Friday, June 17, 2011

Checklists: Agents of Better Outcomes and Cultural Shifts


Right before I left for Washington, DC, I finished Dr. Atul Gawande’s last book, The Checklist Manifesto.  Unlike his previous books, this was not a collection of essays but rather was an account of Dr. Gawande’s exploration into the idea of using a checklist to reduce disastrous outcomes that can be avoided if certain simple steps are not overlooked.  Dr. Gawande looks to many other professions, especially airplane piloting, where checklists have found great success and advocates for their use in all professions, including his own.

In addition to making operations going smoothly, Dr. Gawande discusses how checklists have facilitated communication, particularly in the operating room where he works.  This idea struck an even greater chord with me.  A simple thing like a checklist was not only improving end results but it was doing so by introducing a cultural shift.  For the longest time, I have recognized cultural shifts to be very difficult.  Cultures can be extra-resistant when it seems that shifts are being mandated and seem to enjoy being the subject of more random forces.  However, by creating the checklist and making nurses responsible for them, Dr. Gawande had been able to see shifts in the dynamics between surgeons and nurses where there was once a culture of silence.  It would seem that culture will change in small doses and that gives me hope for areas where there really needs to be changes in professional culture such as medical professional culture.

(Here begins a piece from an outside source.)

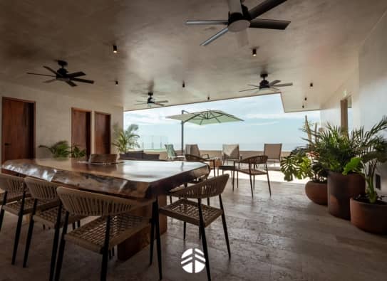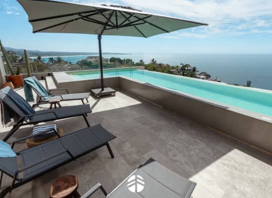 Extras: Totalmente equipado, Cocineta, baño completo, jardín, Pergola con vista al mar y área de hamacas
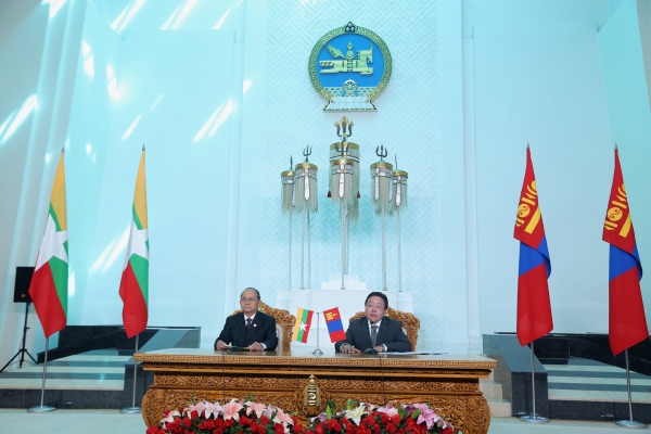 Монголын тал Мьянмар Улсад өрнөж буй өөрчлөлт шинэчлэлийн үйл явц тасралтгүй үргэлжилж, нийгэм, эдийн засгийн хөгжил, үндэсний эв нэгдэл, ардчиллын үйл явцад бодит үр дүн гарч байгааг тэмдэглэв. Монгол Улсын Ерөнхийлөгч хоёр орон ардчилал, нээлттэй нийгэм, хүний эрхийн үнэт зүйлийн талаар нэгдмэл ойлголттой байдгийг тэмдэглэж, ардчилал, нийгэм, эдийн засгийн шинэчлэлийн талаар гаргаж буй Мьянмар Улсын хүчин чармайлтыг Монголын тал үргэлжлүүлэн дэмжихэд бэлэн байгаагаа илэрхийлэв.

I also enjoyed Dr. Gawande’s discussion as to why some doctors where resistant to the idea of a checklist, itself.  In short, it can be summarized into vanity.  Checklists do not seem necessary to people who have years of training and yet, Dr. Gawande argues that checklists allow doctors to get the no-brainers out of the way so that energy can be focused onto the higher level thinking.  I am all for something that lets me do that.  And to be perfectly honest, “brilliant” TV doctors such as House could prevent and maybe even solve cases quicker if they kept checklists for procedures.  Don’t get me wrong, I love the show (or at least the first three seasons) but the show represents a lot of what is inefficient and counterproductive in medicine today.